Hemen her tarafın cam modülleriyle dolu olduğu kırık dökük sokaktaki harabe meskenlerde sivri topuklu ayakkabılar, parlak terlikler, örümcek bağlamış dolaplardaki asılı elbiseler, yerlere saçılmış çamaşırlar yaşanmışlıkların izlerini taşıyor. Tozlu aynalara rujla yazılan yazılar, vaktin değerine vurgu yapıyor: “En güzel dost, en az meşgul edendir.”
MÜŞTERİLER HÂLÂ GELİYOR!
Evlerin yöneticileri küçük küçük defterlere notlar almıştı, bir nevi muhasebe defteri üzere hangi bayanın ne kadar kazandığı isminin karşısına yazılmıştı. Konutlarda bulunan evraklardan sigortalı oldukları da anlaşılıyordu vücut emekçilerinin… Geride kalanlar ortasında paslanmış divanlar, çürümüş yataklar da vardı elbette. Bir de bayanlara arkadaşlık eden kediler kalmıştı sokakta… Harabe binaların kuytu köşelerinde çok mutsuz görünen şaşkın kediler, başlarını okşayacak bir el bekliyordu güya. Sokaktaki kedilerin yazgısını sorduğumuz Lider Yıldız, onlarla belediyenin veteriner işleri müdürlüğünün ilgilendiğini, mama ve su verildiğini söyledi.
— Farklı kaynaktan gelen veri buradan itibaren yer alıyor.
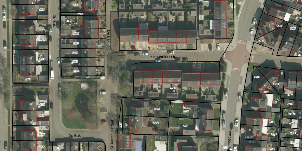 Het perceel waarop St. Martinusstraat 36 staat heeft een oppervlakte van 1470 m². Dit is een zeer groot perceel. De perceeloppervlakte wordt geregistreerd door het Kadaster. Gedetailleerde informatie over de maten van dit perceel kunt u vinden in het rapport Kadastrale kaart met maatvoering van St. Martinusstraat 36.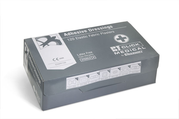 Each plaster is individually sealed to keep it sterile.Box contains 120 plasters:* 72 x 19mm(48)* 72 x 22mm(20)* 60 x 45mm(8)* 38 x 38mm(16)* 38 x 19mm(16)* 74 x 38mm(6)* 72 x 50mm(6)

Kültürel ve sanatsal dönüşümle yeni bir hayata kavuşacak Zürafa Sokak, şahit olduğumuz en şaşırtan durum ise hâlâ gelen müşterilerin bayanların nereye gittiğini sormaları, detaylı bilgiye sahip olmaya çalışmaları, her şeyin bittiğini öğrenince de başlarını sallayarak uzaklaşmalarıydı!
Bir vakitler burada çalışmış olan bayanların hayatlarını sürdürecek ekonomik şartlara ve toplumsal garantilere sahip olduğunu umarak Zürafa Sokak’tan ayrıldık.